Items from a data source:
* * * * *

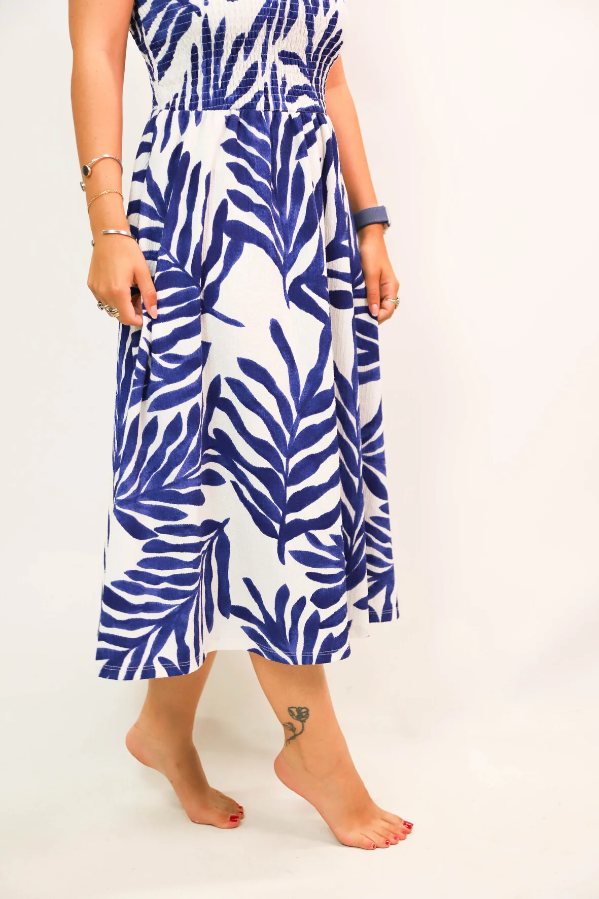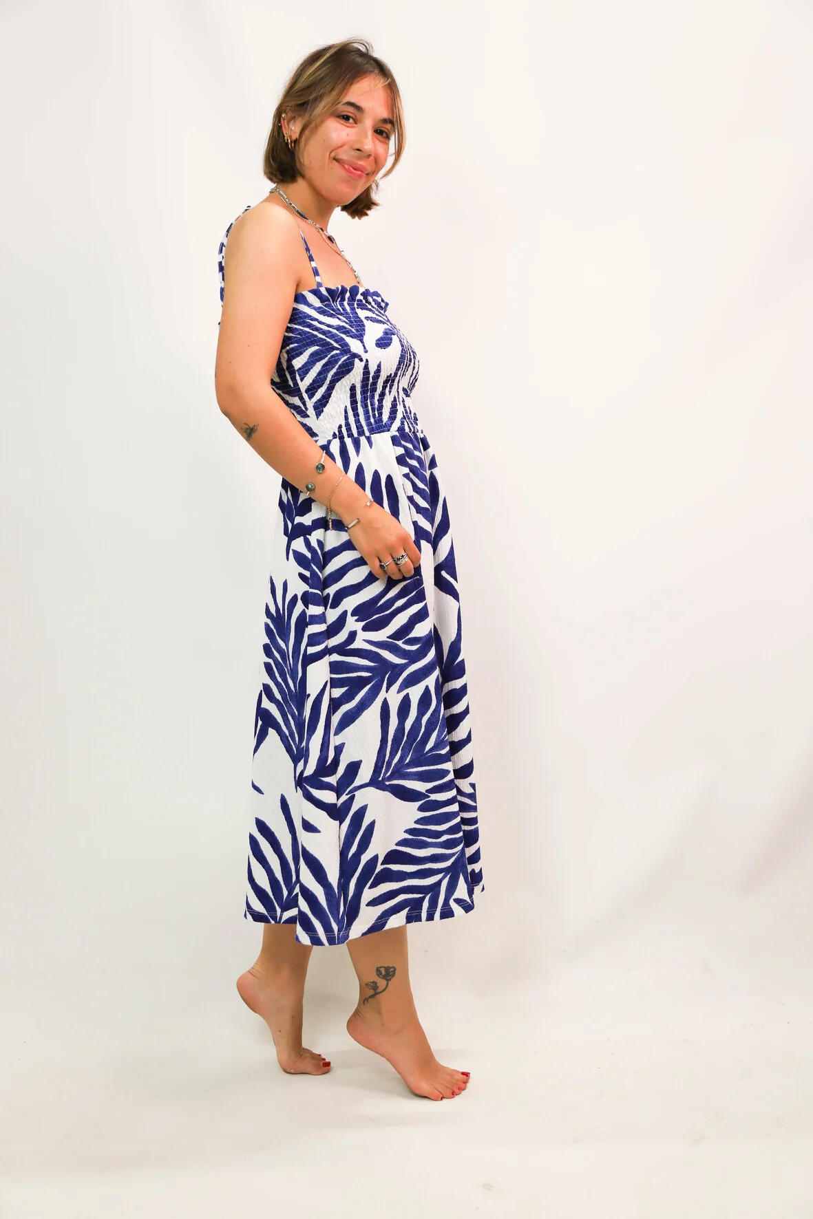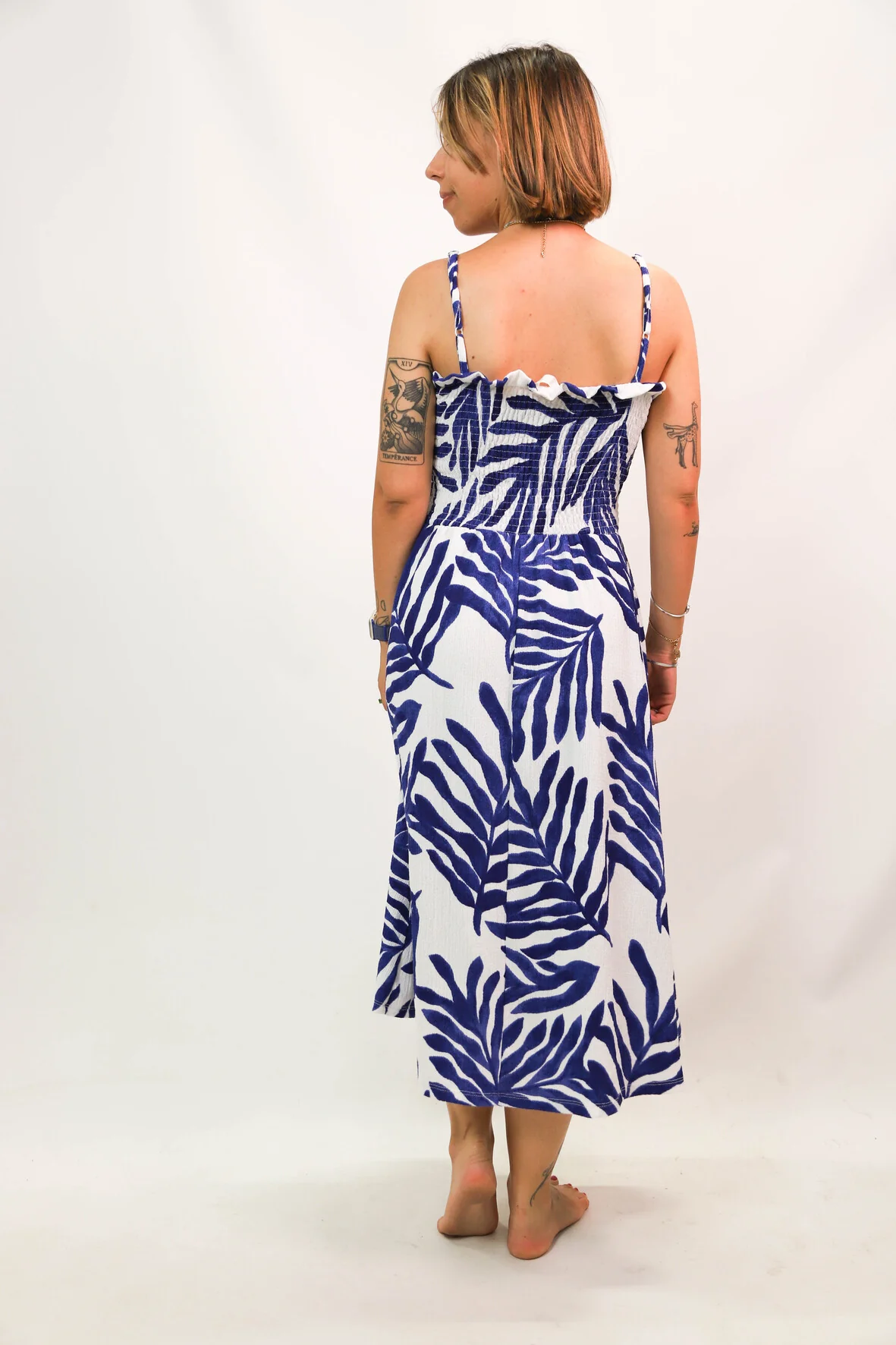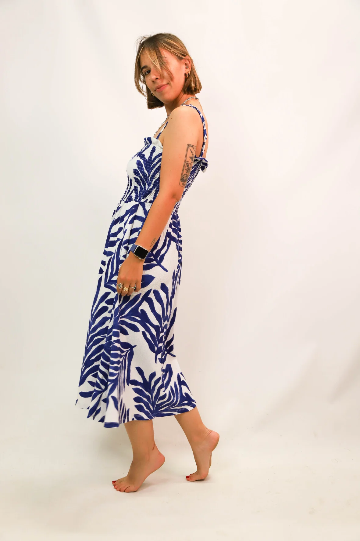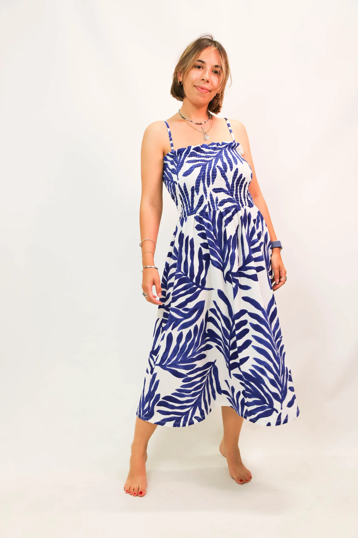 DESCRIPTIF Robe à bretelles réglables. Motif feuille bleue. Smock à la poitrine
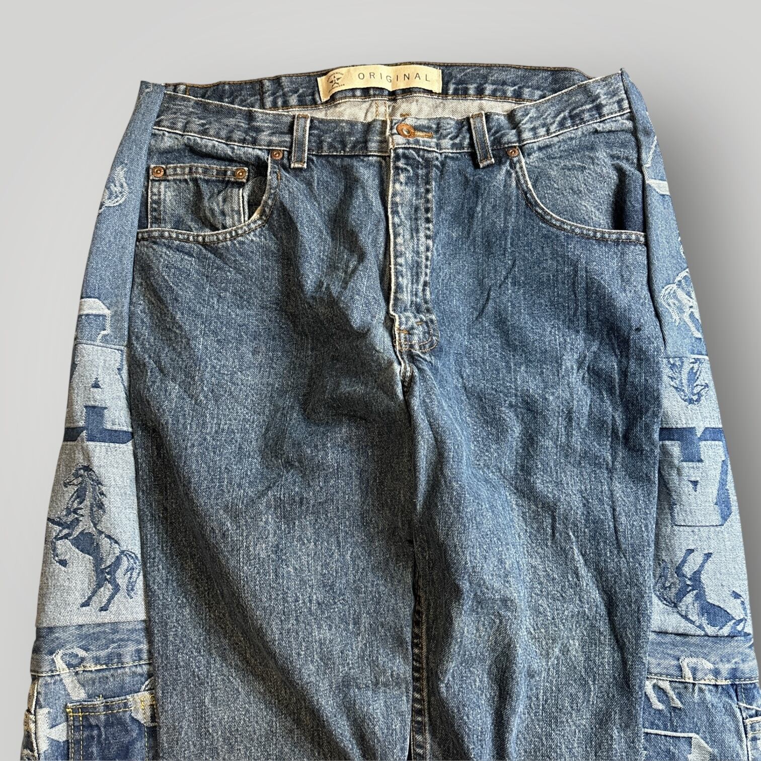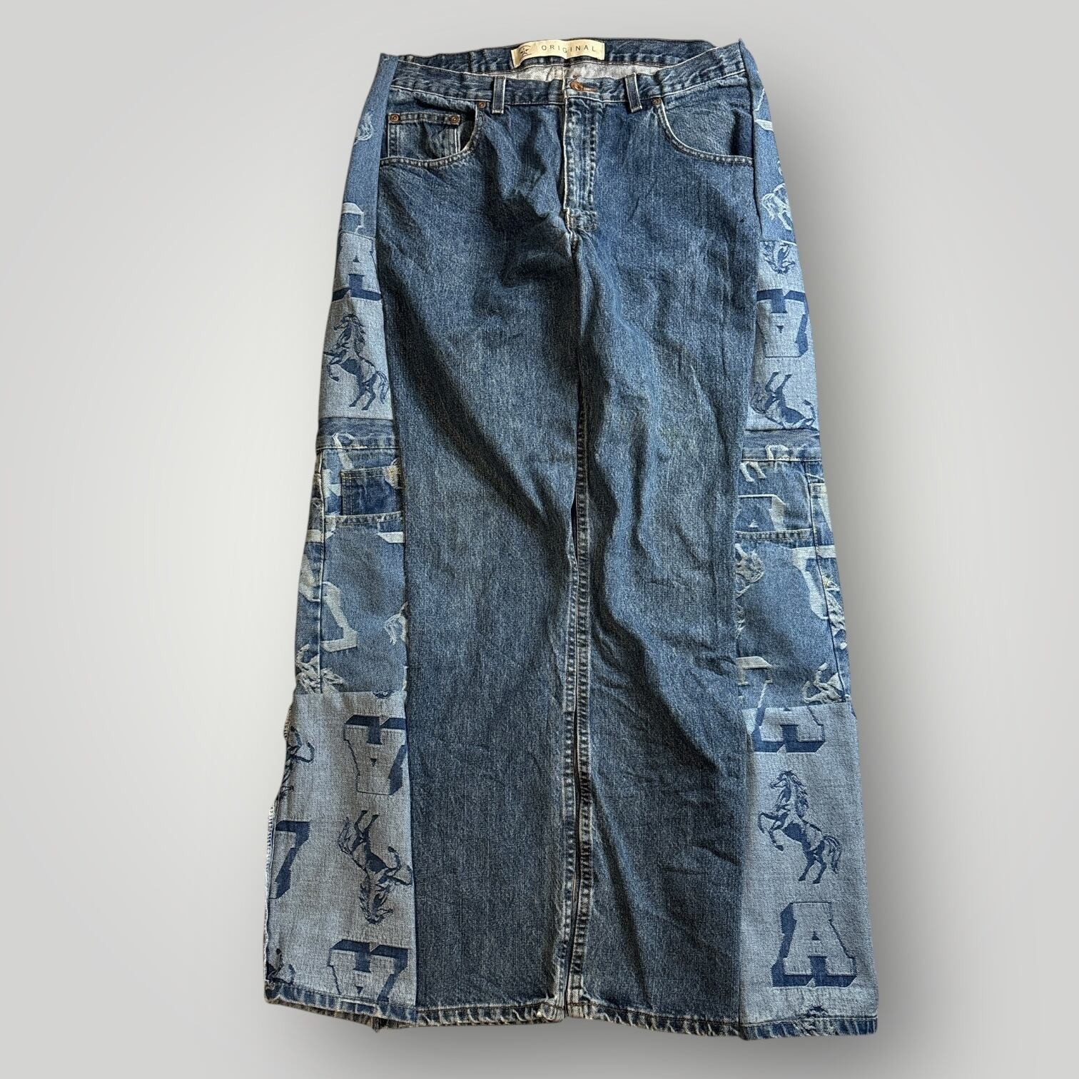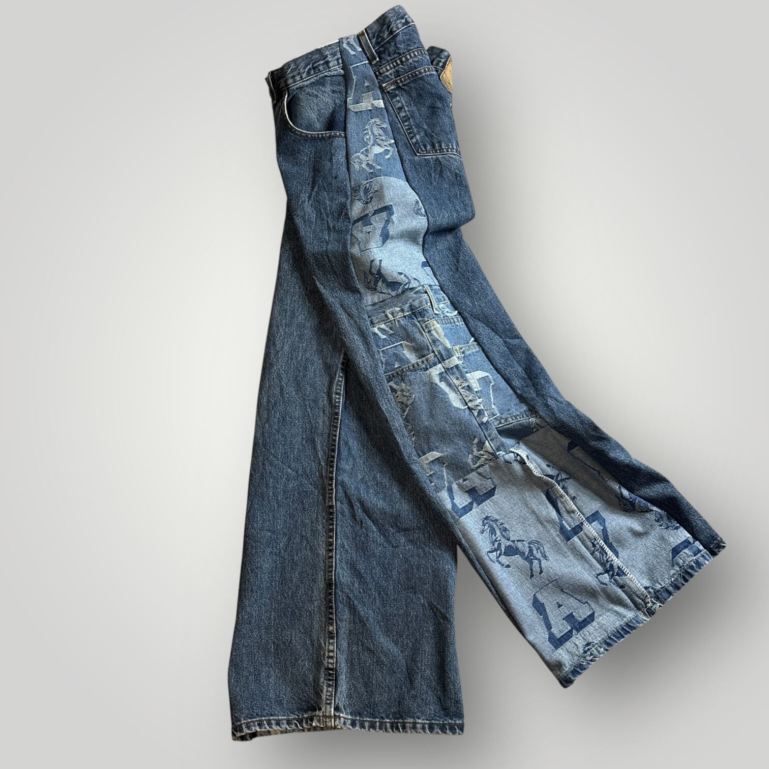 リメイクパンツ リメイクデニム 切替 馬柄 ワイドパンツ 古着 vol.223
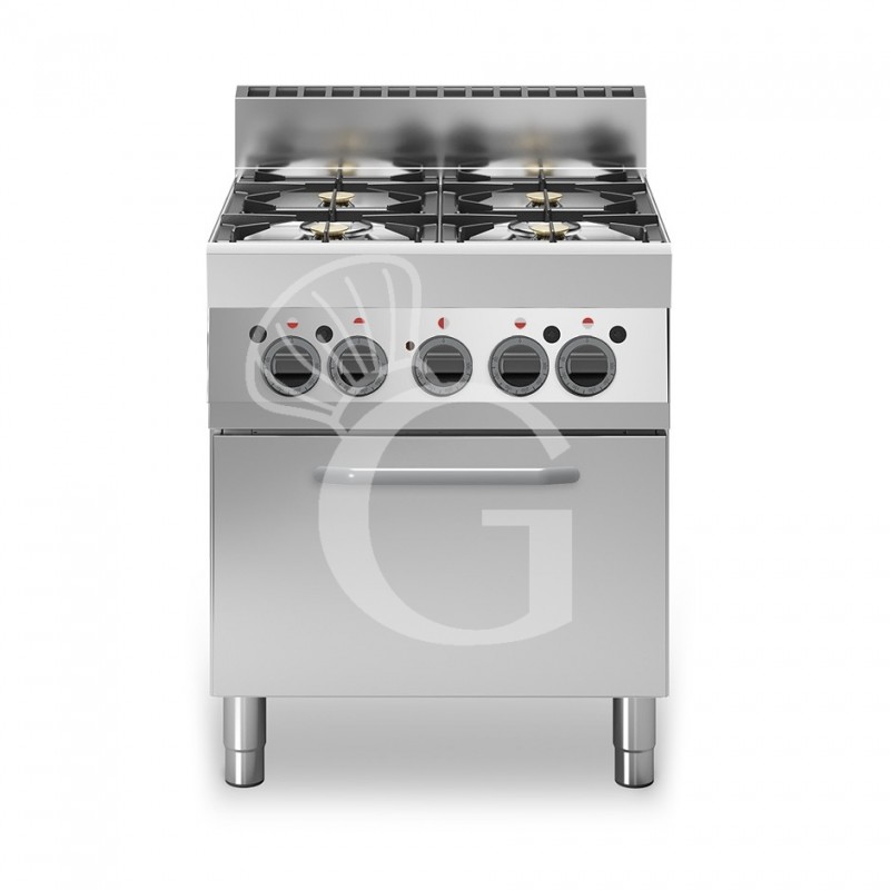 Professioneller Gasherd mit 4 Brenner und Elektrobackofen mit Umluft, Tiefe 650 mm
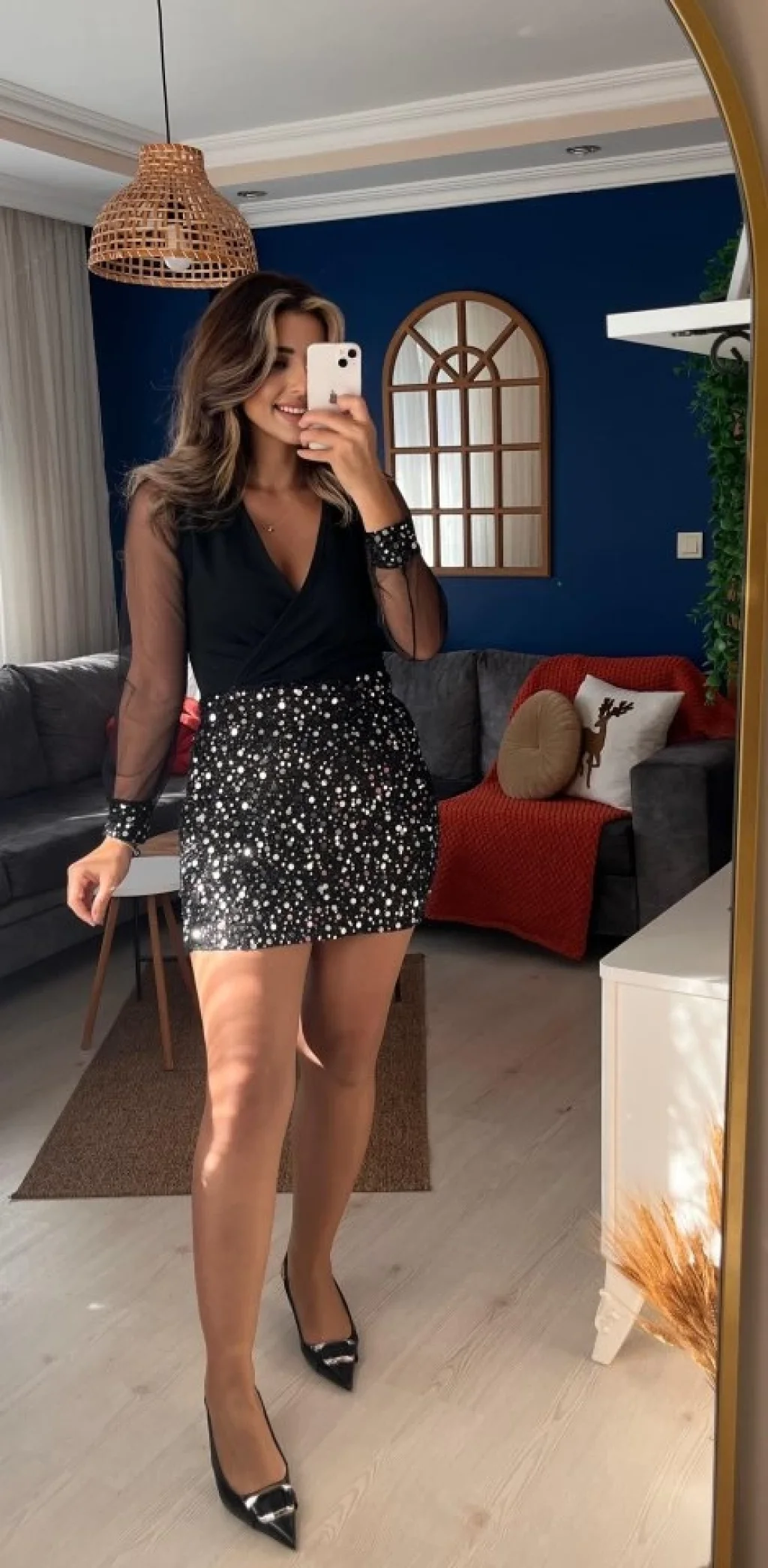 Kadın Uzun Kollu V Yakalı üst Krep Alt Payet Kısa Elbise
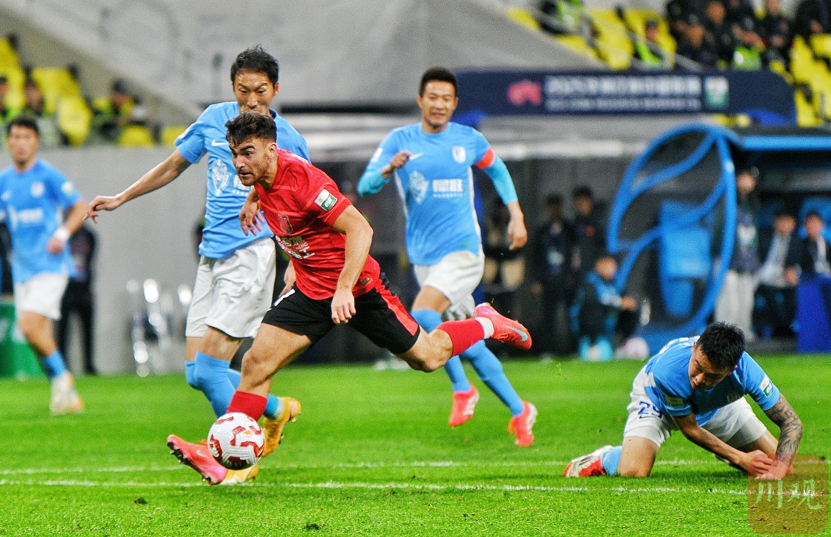 成都蓉城队员11号(红衣)成功突破。
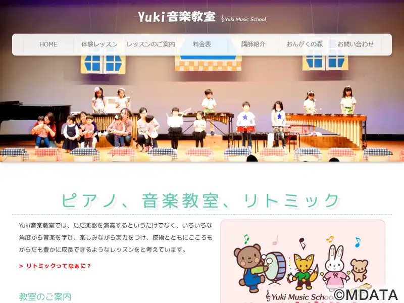 横浜市青葉区新子安と国立市にレッスンルームのある音楽教室。0歳から大人までを対象に、ピアノ、マリンバ、リトミックコースを開講している。0歳児からのリトミッククラスでは、音感・リズム感・集中力を育みながら、音楽の楽しさを体全体で感じられるレッスンを行う。3歳からは、個々に合わせた教材によるピアノやマリンバの演奏レッスンを行う。演奏会や発表会での合奏の機会もあり、実力を高めながら音楽を楽しむことを目指す。
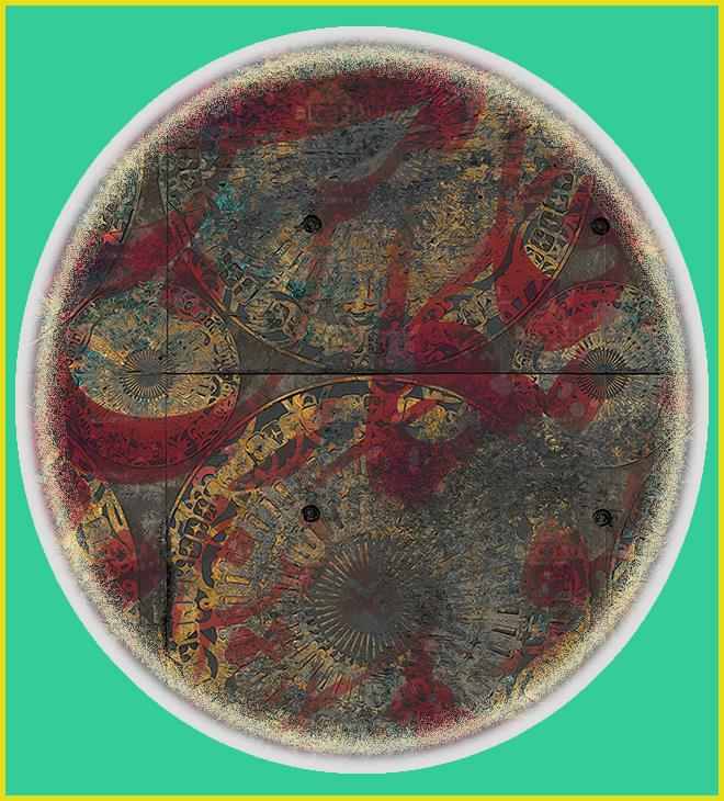 سیاه مشق با خط شکسته نستعلیق در طرح شمسه با زمینه قهوه ای
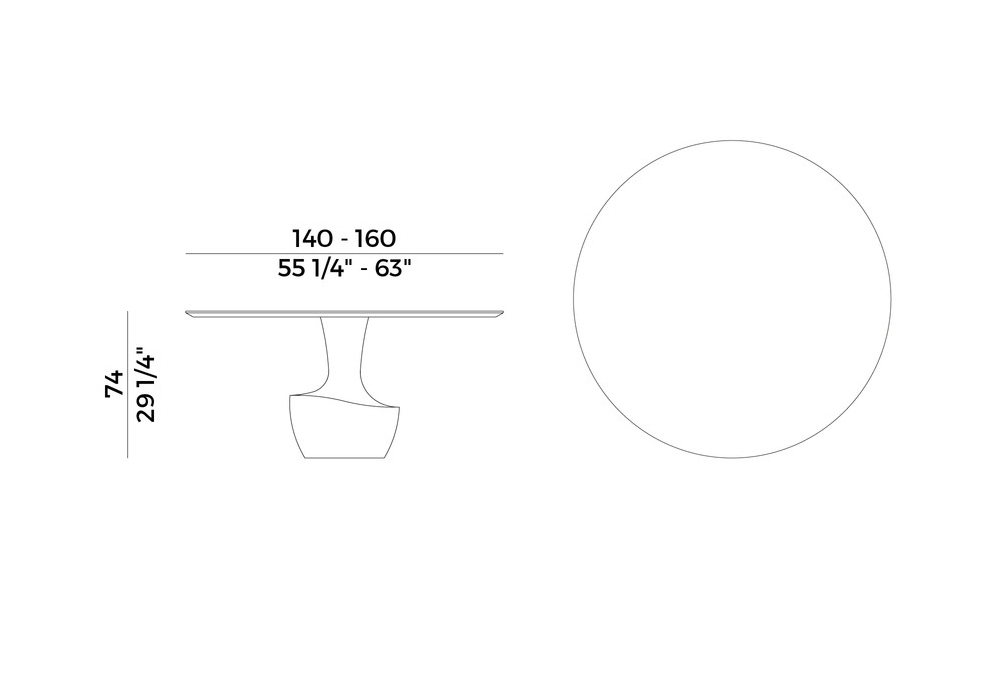 | Diamètre de plateau | Ø 140 cm; Ø 160 cm. |

* * * * *

Work instructions:
Copy every entry exactly; drop the pictures.

Exercise output:
 DESCRIPTIF Robe à bretelles réglables. Motif feuille bleue. Smock à la poitrine
 リメイクパンツ リメイクデニム 切替 馬柄 ワイドパンツ 古着 vol.223
 Professioneller Gasherd mit 4 Brenner und Elektrobackofen mit Umluft, Tiefe 650 mm
 Kadın Uzun Kollu V Yakalı üst Krep Alt Payet Kısa Elbise
 成都蓉城队员11号(红衣)成功突破。
 横浜市青葉区新子安と国立市にレッスンルームのある音楽教室。0歳から大人までを対象に、ピアノ、マリンバ、リトミックコースを開講している。0歳児からのリトミッククラスでは、音感・リズム感・集中力を育みながら、音楽の楽しさを体全体で感じられるレッスンを行う。3歳からは、個々に合わせた教材によるピアノやマリンバの演奏レッスンを行う。演奏会や発表会での合奏の機会もあり、実力を高めながら音楽を楽しむことを目指す。
 سیاه مشق با خط شکسته نستعلیق در طرح شمسه با زمینه قهوه ای
 | Diamètre de plateau | Ø 140 cm; Ø 160 cm. |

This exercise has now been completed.